The branch I’d heard wasn’t a branch, but my ankle. It was caught in a bear trap’s vise-like death grip. Now I understood why the phrase existed. It definitely felt like I could die right then and there. Despite the frigid air around me, and the snow heap I laid in, sweat drenched my neck. Spots swam before my eyes, shrinking my field of vision. I unzipped my jacket and mopped my brow. Fighting off the urge to pass out, I sat up as best I could. What now?

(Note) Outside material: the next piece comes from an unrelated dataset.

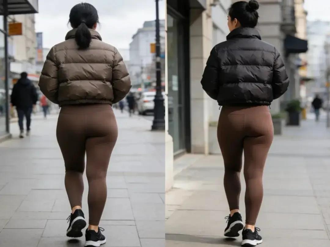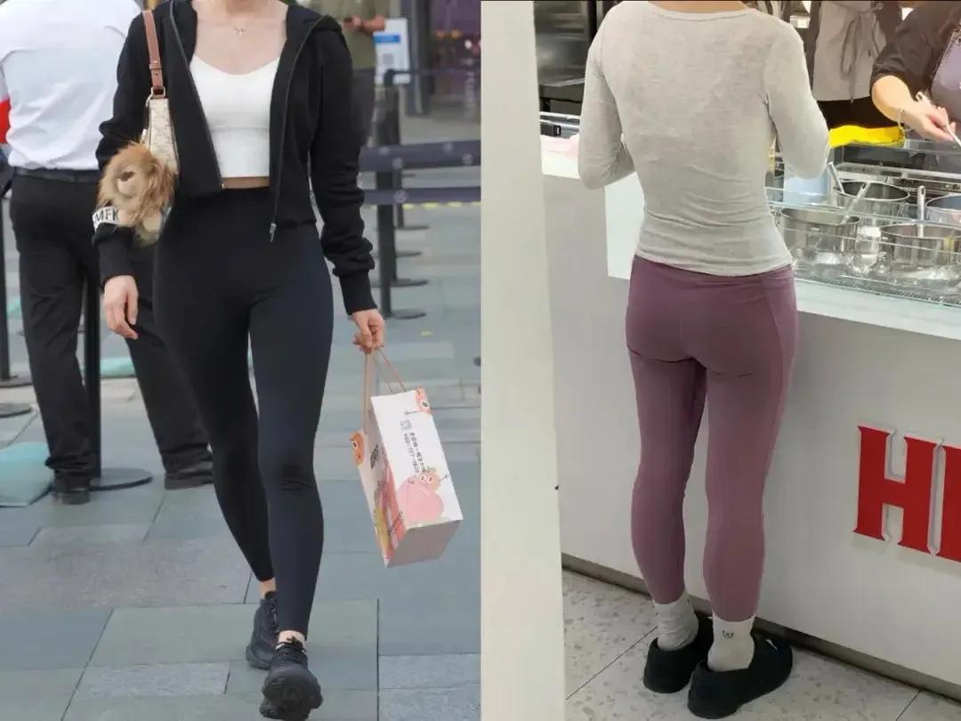 想要把无痕裤穿出时尚感,胯骨不能宽,大腿不能粗,甚至是臀型不能扁塌,如果你的臀形扁塌,当你像上图右边这位素人穿的紫色的无痕裤,完全暴露了她臀型扁塌的问题,还含胸驼背,根本无法撑起无痕裤。

My ankle was bloody chopped meat. The distinctive white, jagged edges of bone jutted through the grisly mess. The ground around my mutilated appendage reminded me of a sno-cone. A small, maniacal giggle escaped me at the morbid thought. Not productive.

Luckily the trap didn’t seem too sophisticated, but I didn’t know what removing it would do to my body. Would I lose more blood?

Wanting a tourniquet at hand, I pulled my belt from my waist. Then I took a huge gulp of air, before I pressed my palms to the mechanisms on both sides of the trap. The jaws released with a clang. I gasped at the new sensations that flooded me. Relief and dread alternated in a pattern, syncing with my heartbeat. The throbbing centered in my ankle. The blood pulsed out faster. Now came the really hard part - removing my leg without springing the trap again. Be quick!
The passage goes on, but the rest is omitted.